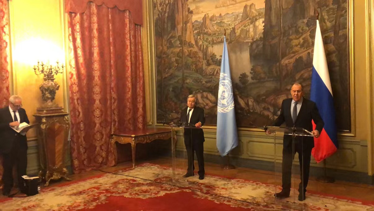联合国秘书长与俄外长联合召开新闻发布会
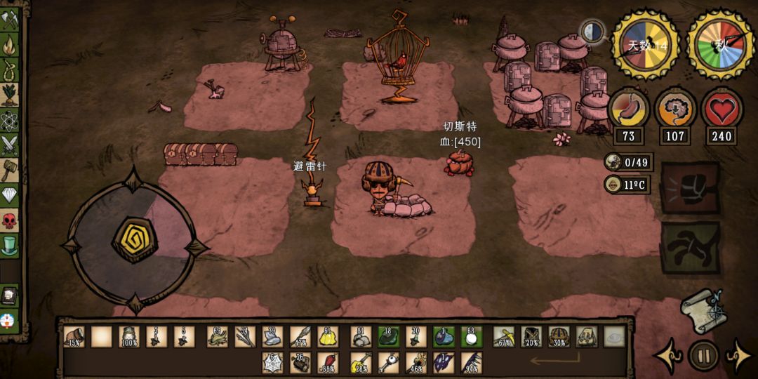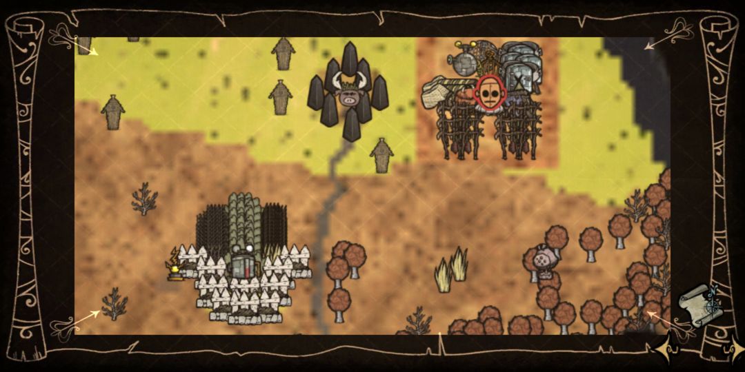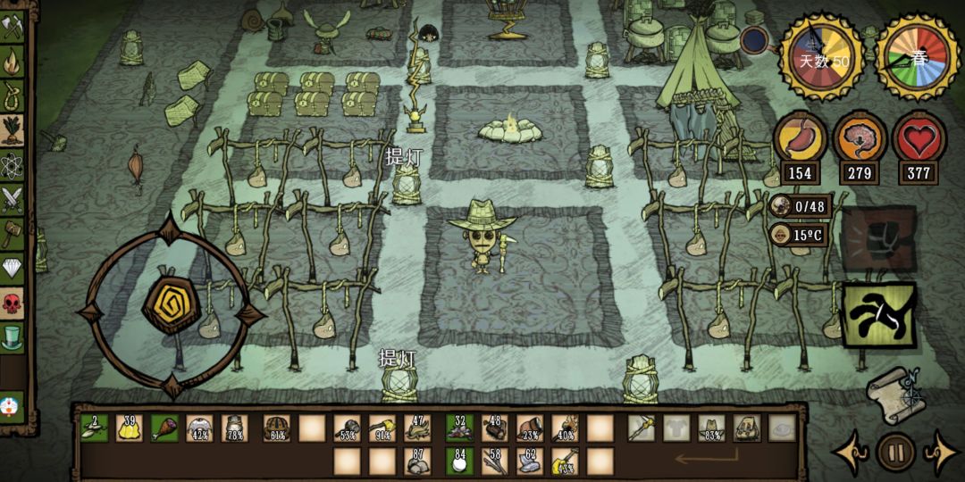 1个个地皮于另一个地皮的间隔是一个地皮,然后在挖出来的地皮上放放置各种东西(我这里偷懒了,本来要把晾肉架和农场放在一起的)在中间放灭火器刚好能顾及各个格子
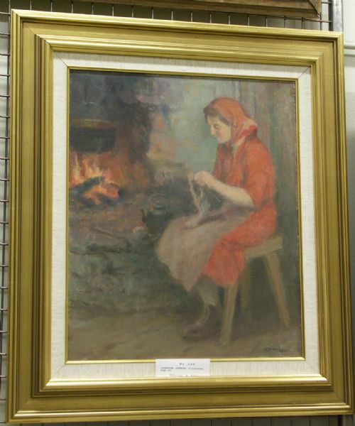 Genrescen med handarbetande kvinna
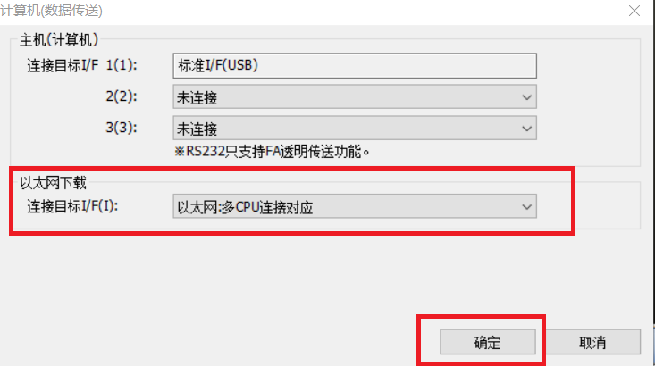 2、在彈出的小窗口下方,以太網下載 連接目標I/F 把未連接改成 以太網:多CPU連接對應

## ABOUT THIS EXERCISE
Please output every line of the listing as it stands, and omit its images.

## WRITTEN ANSWER
联合国秘书长与俄外长联合召开新闻发布会
 1个个地皮于另一个地皮的间隔是一个地皮,然后在挖出来的地皮上放放置各种东西(我这里偷懒了,本来要把晾肉架和农场放在一起的)在中间放灭火器刚好能顾及各个格子
 Genrescen med handarbetande kvinna
 2、在彈出的小窗口下方,以太網下載 連接目標I/F 把未連接改成 以太網:多CPU連接對應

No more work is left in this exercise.